Input: [{'loan_id': 'A', 'customer_id': 'X', 'amount': 10, 'created_at': 8}, {'loan_id': 'A', 'customer_id': 'X', 'amount': 15, 'created_at': 8}, {'loan_id': 'A', 'customer_id': 'X', 'amount': 5, 'created_at': 2}, {'loan_id': 'B', 'customer_id': 'X', 'amount': 7, 'created_at': 3}]
Expected Output: [{'loan_id': 'A', 'customer_id': 'X', 'created_at': 2, 'total_amount': 30}, {'loan_id': 'B', 'customer_id': 'X', 'created_at': 3, 'total_amount': 7}]
Explanation: A appears three times and aggregates to total 30 with earliest created_at 2.
Hints
- Use a hash map keyed by loan_id to accumulate information as you scan the records once.
- For each repeated loan_id, update the running sum and keep the minimum created_at.
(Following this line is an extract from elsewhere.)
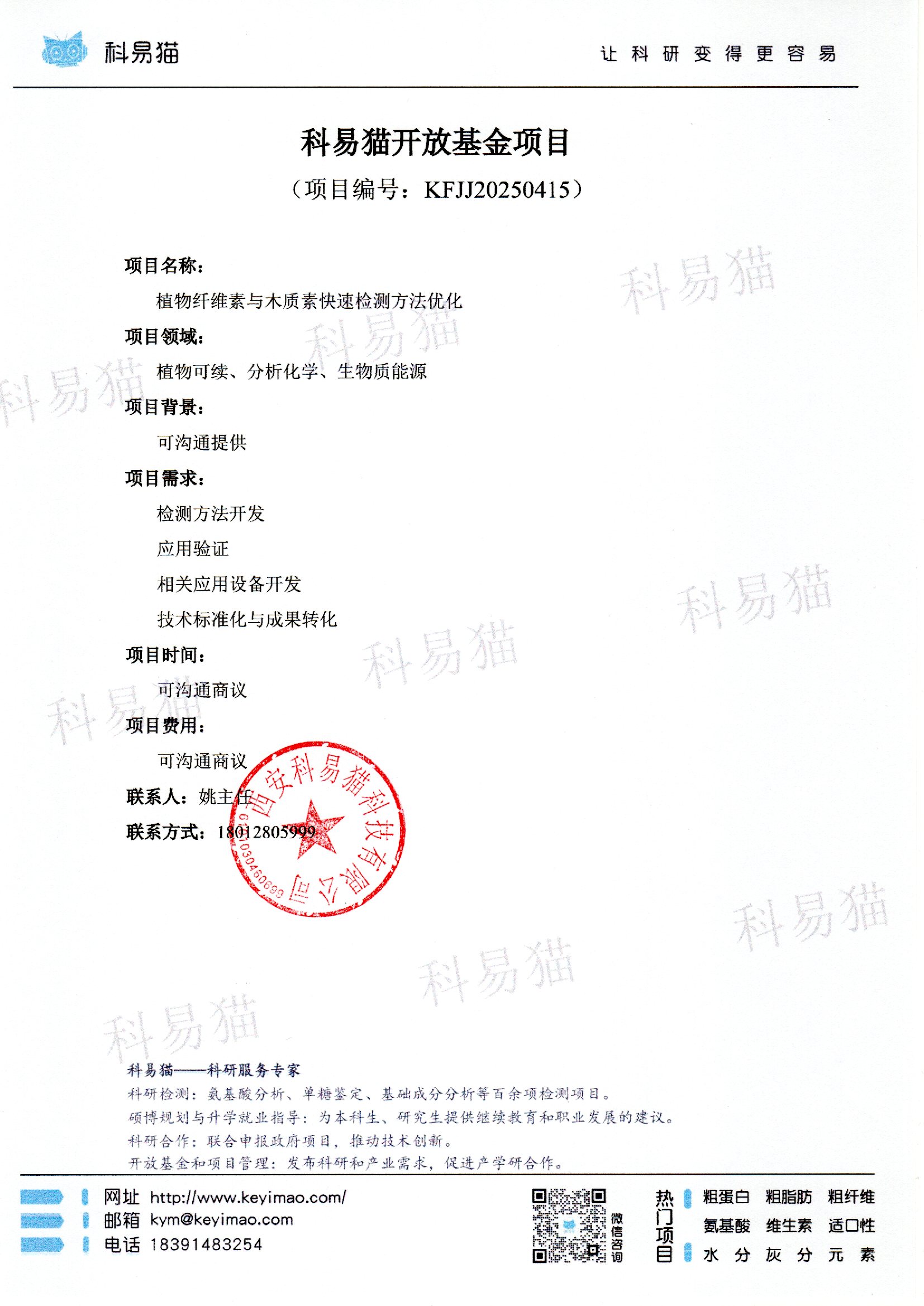 科易猫关于“植物纤维素与木质素快速检测方法优化”开放基金项目KFJJ20250415

Part 2: Match Repayment Transactions to Loans
Constraints
- 0 <= len(loans), len(transactions) <= 200000
- Each loan_id is unique in loans
- Each txn_id is unique in transactions
- 1 <= total_amount, amount <= 10^9
- Transactions are applied in ascending timestamp order; if tied, use lexicographic txn_id order
- Within each customer, loans are paid in ascending created_at order; if tied, use lexicographic loan_id order
Examples
Input: ([{'loan_id': 'L1', 'customer_id': 'C1', 'created_at': 1, 'total_amount': 100}, {'loan_id': 'L2', 'customer_id': 'C1', 'created_at': 3, 'total_amount': 80}], [{'txn_id': 'T1', 'customer_id': 'C1', 'amount': 50, 'timestamp': 10}, {'txn_id': 'T2', 'customer_id': 'C1', 'amount': 100, 'timestamp': 11}])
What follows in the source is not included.